Perubahan pemanfaatan lahan di DAS Batanghari telah terjadi secara besar-besaran sejak akhir 1980-an (KK. Warsi, 2003). Lahan yang berubah pemanfaatannya terutama lahan hutan dijadikan areal perkebunan, pemukiman transmigrasi, ladang, serta prasarana sosial ekonomi. Perubahan pemanfaatan ruang ini berkaitan dengan kebijakan dan arah pemanfaatan ruang yang diberlakukan baik yang berskala nasional, provinsi, maupun kabupaten/kota. Arahan kebijakan pengembangan kawasan lindung DAS Batanghari dalam pola pemanfaatan ruang nasional mengarahkan Taman Nasional (TN) Kerinci Seblat, TN Berbak, TN Bukit Tiga Puluh, dan TN Bukit Dua Belas sebagai kawasan hutan lindung dan hutan konservasi. Pada wilayah hutan konservasi di Taman Nasional Kerinci Seblat (TNKS), kawasan wilayah hutannya memang benar-benar diminimalisir campur tangan manusia di dalamnya agar ekosistem di dalam TNKS tetap asli dan terjaga. Hal ini berbeda jelas dengan tindakan preservasi lahan dimana memang tidak ada upaya dan usaha yang dilakukan dalam optimalisasi lahan agar lahan tetap terjaga sebagaimana aslinya (natural). Zona hulu DAS/sub DAS merupakan kawasan lindung, adalah daerah tangkapan dan penampungan air hujan. Dengan demikian strategi arahan pemanfaatan ruang di daerah hulu harus berpedoman pada fungsi daerah hulu tersebut. Air hujan harus dapat diserap (infiltrasi) sebanyak-banyaknya ke dalam tanah, dan dihambat alirannya, supaya tidak segera mengalir ke sungai.
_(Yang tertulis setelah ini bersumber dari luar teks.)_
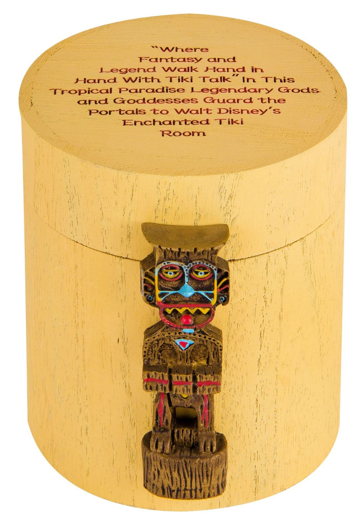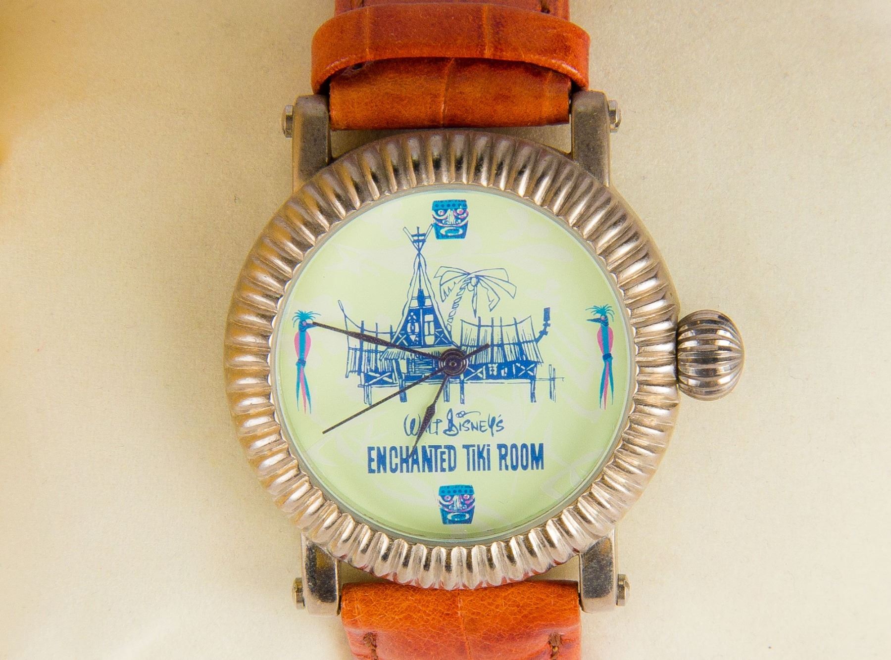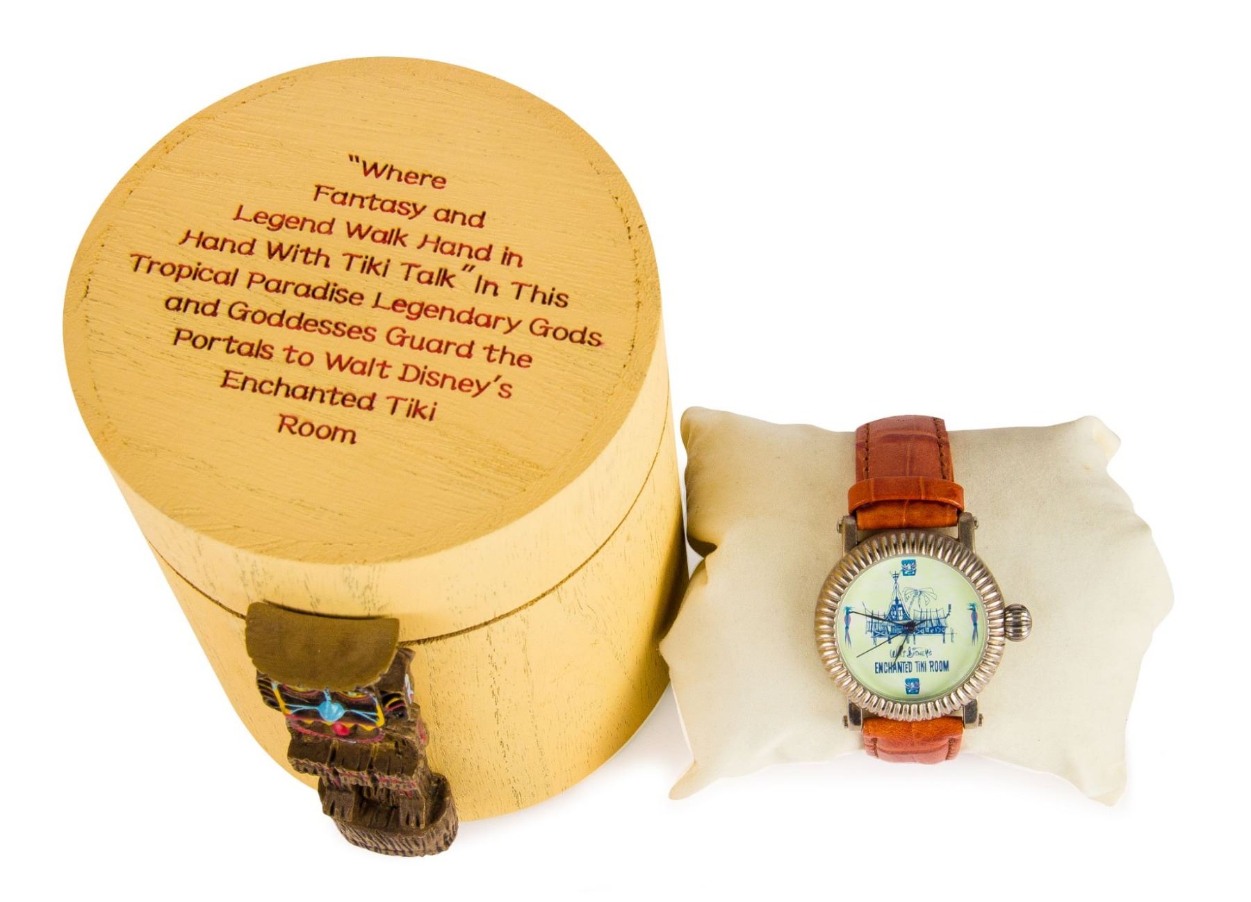 (Disneyland, 2000s) A limited edition watch themed for the "Enchanted Tiki Room". The watch-face, inspired by Rolly Crump's original designs, has imagery of the attraction building, and the watch comes in a decorative container with a small "Koro" tiki garden god adhered to the side. The watch has a stainless steel back that is etched 293/500, and has a leather strap. The box measures 4" in diameter and 4.75" tall and the watch is in very good condition.

Hambatan aliran resapan air hujan ini dilakukan oleh akar-akar pohon pada kawasan hutan. Perlindungan bagian hulu ini bertujuan untuk mendukung pembangunan sosial dan ekonomi seluruh stakeholder di bagian tengah dan hilir DAS secara berkelanjutan. Hal ini dilakukan agar secara turun dapat meningkatkan potensi DAS dan daerah sekitarnya sehingga dapat pula mengayakan biodiversitas. Pengelolaan kawasan budidaya bertujuan untuk meningkatkan daya guna dan hasil guna pemanfaatan ruang, sumberdaya alam, dan sumber daya buatan dengan memperhatikan sumber daya manusia untuk menyerasikan pemanfaatan ruang dengan kelestarian lingkungan hidup. Diperlukan peningkatan kualitas sumber daya manusianya terlebih dahulu sebelum melakukan peningkatan sumber daya alam atau buatan.

Alan Handru 07133046

Oleh karena itu DAS bagian hulu harus dipertahankan, dalam hal ini TNKS, dan dipelihara keseimbangan ekosistemnya dengan cara menghindari pembukaan lahan dan alih fungsi pemanfaataan lahan hutan di daerah dengan morfologi bukit curam, daerah yang merupakan daerah resapan air alamiah (recharge area), hutan lindung, dan kawasan gambut. Dan juga perlu menghindari pembukaan lahan untuk kegiatan non-pertanian di daerah berpotensi longsor, erosi, dan bencana alam lainnya. Selain itu fungsi hutan dipertahankan dengan mengoptimalisasi daerah taman nasional, cagar alam, cagar biosfer, yang mempunyai fungsi lindung dan ekologi (keaneka ragaman hayati). Pengendalian pemanfaatan ruang harus memperhatikan, setidaknya, hal-hal yang meliputi pengkajian dampak lingkungan (bekerja sama dengan konsultan AMDAL) terutama untuk kegiatan skala besar dan pengawasan terhadap pelaksanaan kegiatan berdasarkan prosedur dan tata cara pemanfaatan ruang di kawasan budidaya serta pengawasan terhadap kegiatan penelitian ekspolrasi mineral dan air tanah, serta prosedur perizinan dalam mendirikan bangunan agar banguan yang dibangun sesuai dengan kondisi ruang.